Sphingosine-1-phosphate (S1P), is a signaling sphingolipid which acts as a bioactive lipid mediator. We assessed whether S1P had multiplex effects in regulating the large-conductance Ca²⁺-activated K⁺ channel (BK_Ca) in catecholamine-secreting chromaffin cells. Using multiple patch-clamp modes, Ca²⁺ imaging, and computational modeling, we evaluated the effects of S1P on the Ca²⁺-activated K⁺ currents (I_K(Ca)) in bovine adrenal chromaffin cells and in a pheochromocytoma cell line (PC12). In outside-out patches, the open probability of BK_Ca channel was reduced with a mean-closed time increment, but without a conductance change in response to a low-concentration S1P (1 µM). The intracellular Ca²⁺ concentration (Ca_i) was elevated in response to a high-dose (10 µM) but not low-dose of S1P. The single-channel activity of BK_Ca was also enhanced by S1P (10 µM) in the cell-attached recording of chromaffin cells. In the whole-cell voltage-clamp, a low-dose S1P (1 µM) suppressed I_K(Ca), whereas a high-dose S1P (10 µM) produced a biphasic response in the amplitude of I_K(Ca), i.e., an initial decrease followed by a sustained increase. The S1P-induced I_K(Ca) enhancement was abolished by BAPTA. Current-clamp studies showed that S1P (1 µM) increased the action potential (AP) firing. Simulation data revealed that the decreased BK_Ca conductance leads to increased AP firings in a modeling chromaffin cell. Over a similar dosage range, S1P (1 µM) inhibited I_K(Ca) and the permissive role of S1P on the BK_Ca activity was also effectively observed in the PC12 cell system. The S1P-mediated I_K(Ca) stimulation may result from the elevated Ca_i, whereas the inhibition of BK_Ca activity by S1P appears to be direct. By the differentiated tailoring BK_Ca channel function, S1P can modulate stimulus-secretion coupling in chromaffin cells.     

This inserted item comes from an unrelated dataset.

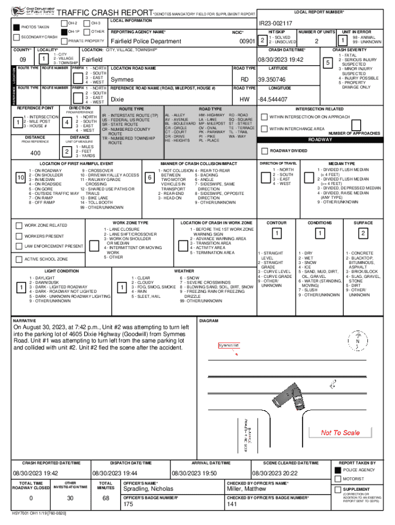 TRAFFIC CRASH REPORT*DENOTES MANDATORY FIELD FOR SUPPLEMENT REPORT LOCAL INFORMATIONOH2OH3OH1POTHERIR23002117PHOTOS TAKENREPORTING AGENCY NAME*SECONDARY CRASHREFERENCE LOCATIONCOUNTY*LOCALITY*NCIC*00901

Perspectives on Potential Fatty Acid Modulations of Motility Associated Human Sperm Ion Channels

Human spermatozoan ion channels are specifically distributed in the spermatozoan membrane, contribute to sperm motility, and are associated with male reproductive abnormalities. Calcium, potassium, protons, sodium, and chloride are the main ions that are regulated across this membrane, and their intracellular concentrations are crucial for sperm motility. Fatty acids (FAs) affect sperm quality parameters, reproductive pathologies, male fertility, and regulate ion channel functions in other cells. However, to date the literature is insufficient to draw any conclusions regarding the effects of FAs on human spermatozoan ion channels. Here, we aimed to discern the possible effects of FAs on spermatozoan ion channels and direct guidance for future research. After investigating the effects of FAs on characteristics related to human spermatozoan motility, reproductive pathologies, and the modulation of similar ion channels in other cells by FAs, we extrapolated polyunsaturated FAs (PUFAs) to have the highest potency in modulating sperm ion channels to increase sperm motility. Of the PUFAs, the ω-3 unsaturated fatty acids have the greatest effect. We speculate that saturated and monounsaturated FAs will have little to no effect on sperm ion channel activity, though the possible effects could be opposite to those of the PUFAs, considering the differences between FA structure and behavior.